- Input for this task:
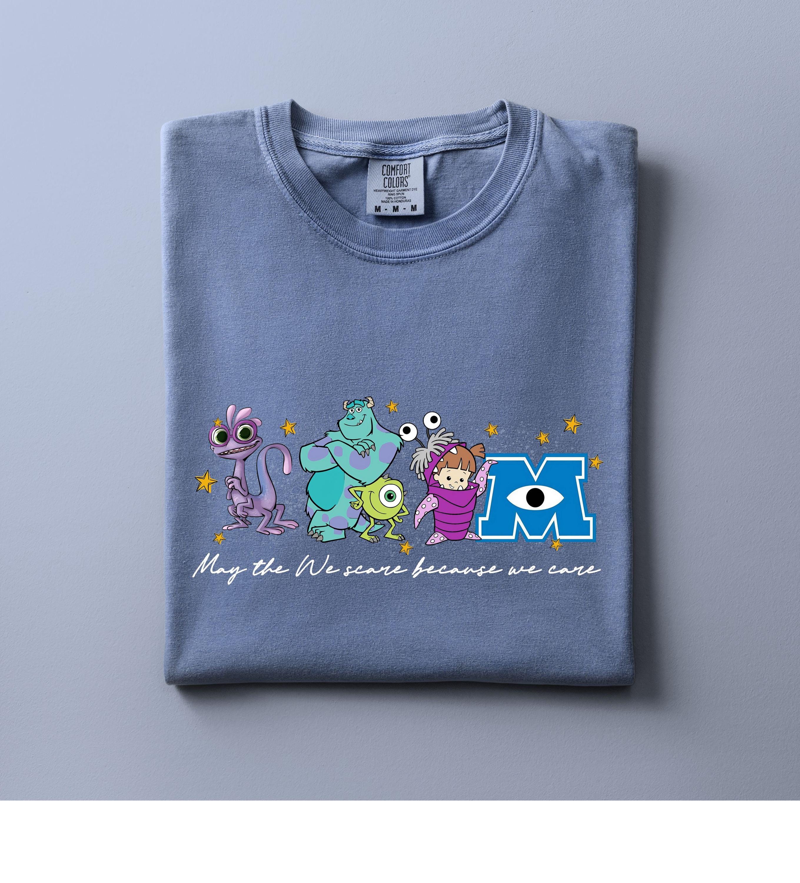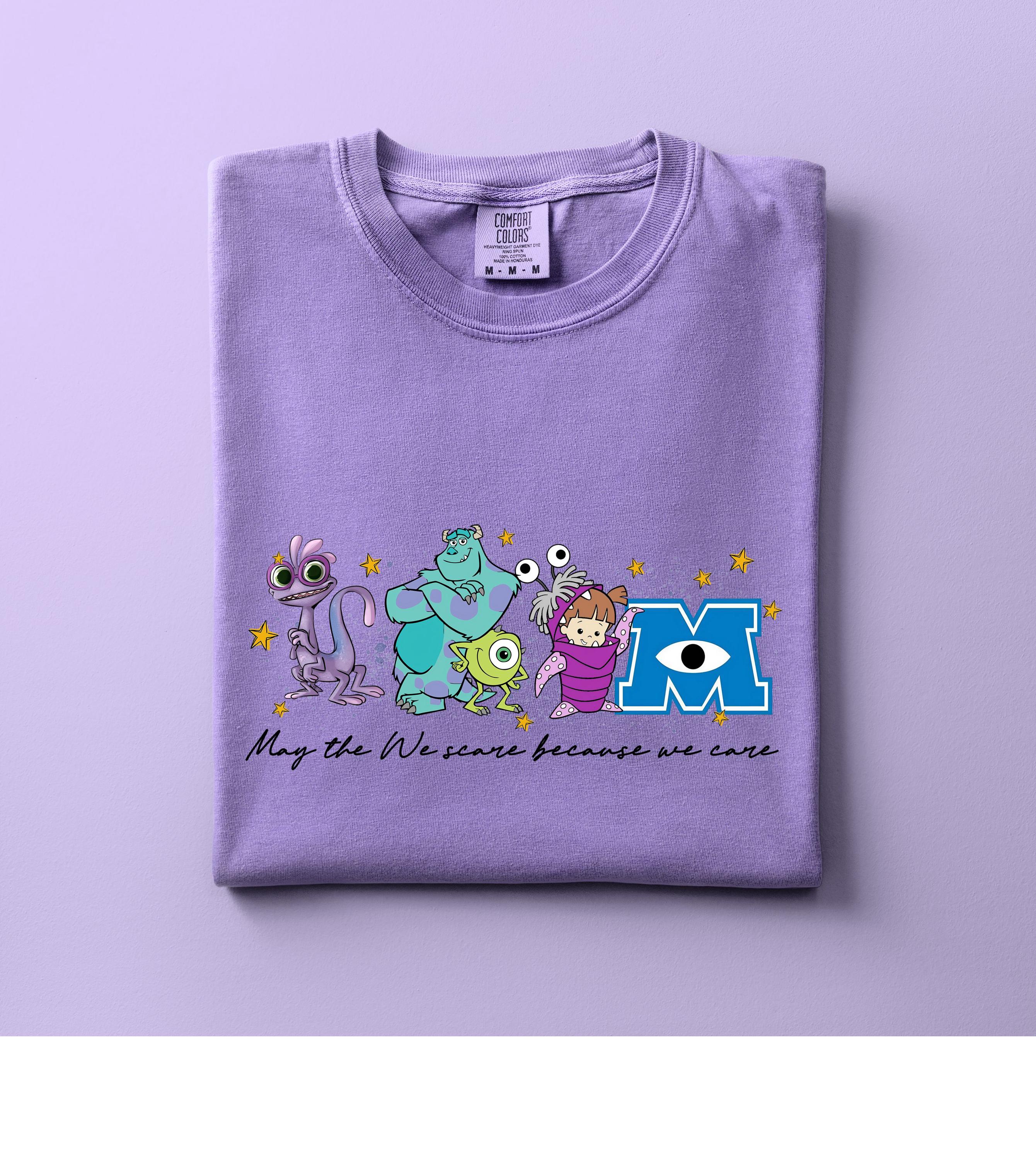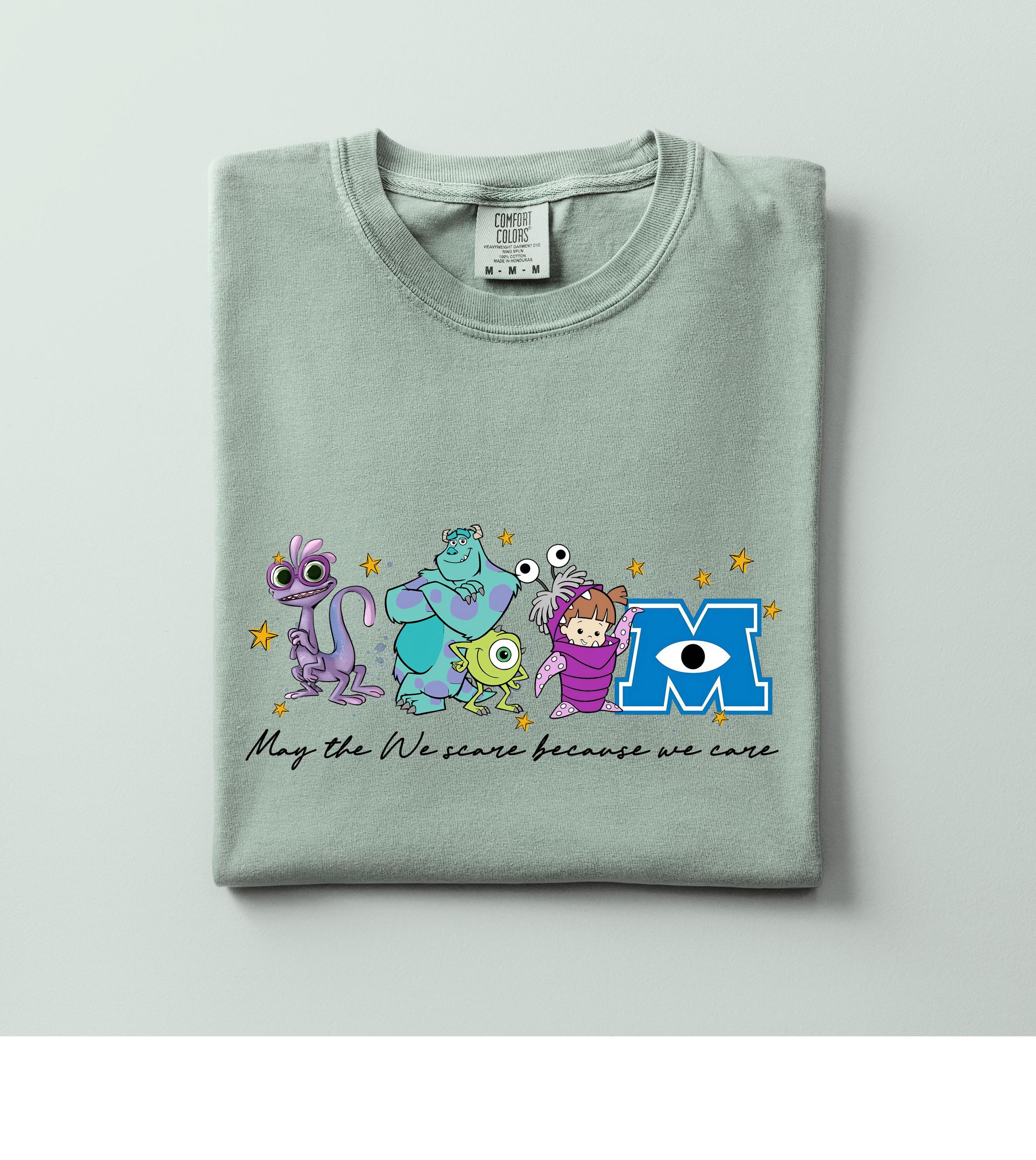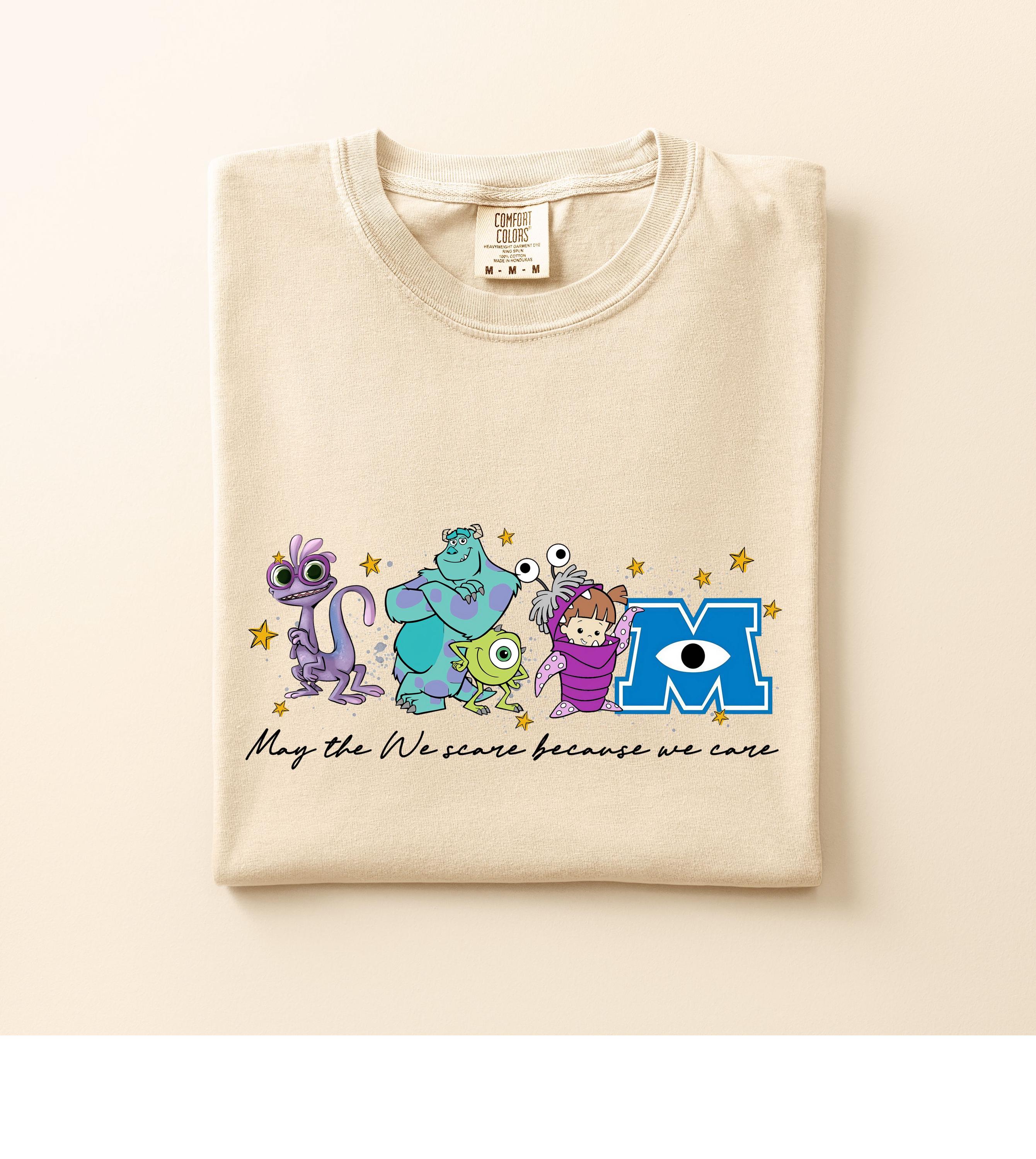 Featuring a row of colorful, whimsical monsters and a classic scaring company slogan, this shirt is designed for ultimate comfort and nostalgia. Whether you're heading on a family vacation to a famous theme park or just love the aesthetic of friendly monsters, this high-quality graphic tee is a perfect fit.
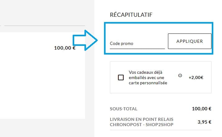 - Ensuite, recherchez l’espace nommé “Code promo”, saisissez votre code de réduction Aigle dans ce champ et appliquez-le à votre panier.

==

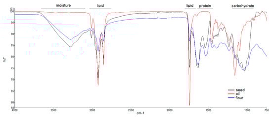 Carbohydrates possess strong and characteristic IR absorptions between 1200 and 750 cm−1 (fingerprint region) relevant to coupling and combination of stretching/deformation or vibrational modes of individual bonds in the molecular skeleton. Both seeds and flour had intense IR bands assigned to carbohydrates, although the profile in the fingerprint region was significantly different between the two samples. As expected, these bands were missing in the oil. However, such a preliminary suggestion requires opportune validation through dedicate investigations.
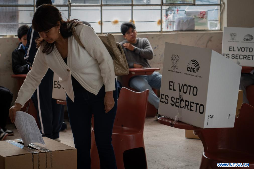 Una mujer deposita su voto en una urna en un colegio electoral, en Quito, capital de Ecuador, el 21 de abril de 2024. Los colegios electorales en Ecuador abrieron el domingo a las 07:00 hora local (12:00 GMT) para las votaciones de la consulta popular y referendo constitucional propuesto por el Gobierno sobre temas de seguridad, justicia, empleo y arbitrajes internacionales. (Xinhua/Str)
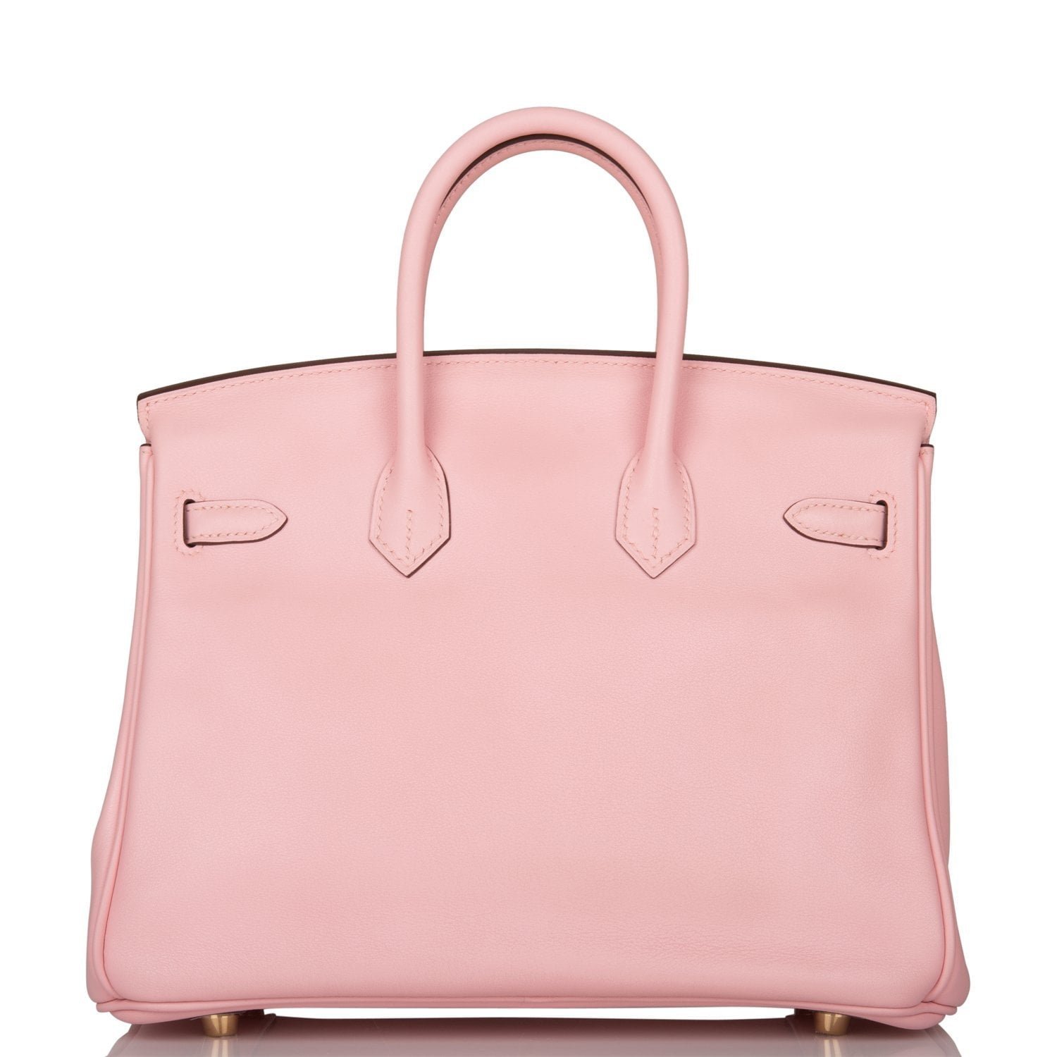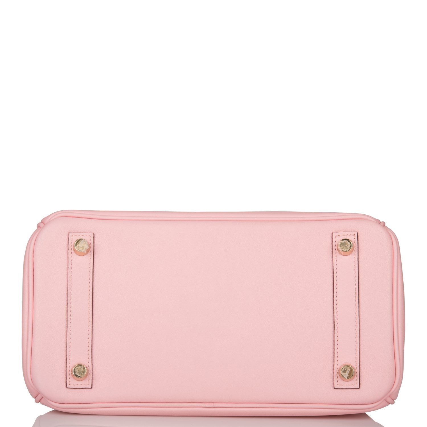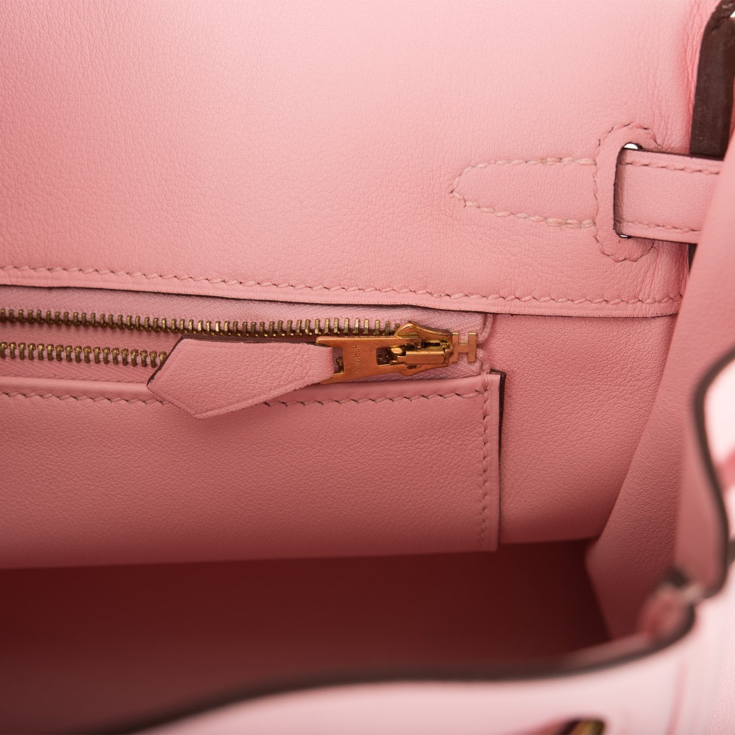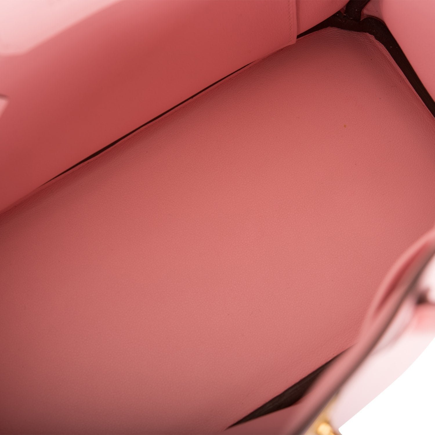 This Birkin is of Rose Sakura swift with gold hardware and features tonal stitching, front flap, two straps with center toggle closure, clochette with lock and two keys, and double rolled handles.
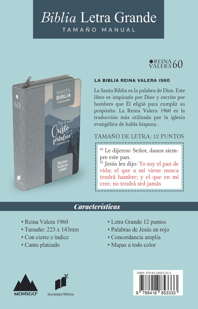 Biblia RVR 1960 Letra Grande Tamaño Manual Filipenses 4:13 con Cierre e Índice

- Instructions to follow: Your copy should hold the lines from the one with "Featuring a row" up to and including the one with "- Ensuite, recherchez", exactly as in the data above, and no pictures.

- Completed exercise:
 Featuring a row of colorful, whimsical monsters and a classic scaring company slogan, this shirt is designed for ultimate comfort and nostalgia. Whether you're heading on a family vacation to a famous theme park or just love the aesthetic of friendly monsters, this high-quality graphic tee is a perfect fit.
 - Ensuite, recherchez l’espace nommé “Code promo”, saisissez votre code de réduction Aigle dans ce champ et appliquez-le à votre panier.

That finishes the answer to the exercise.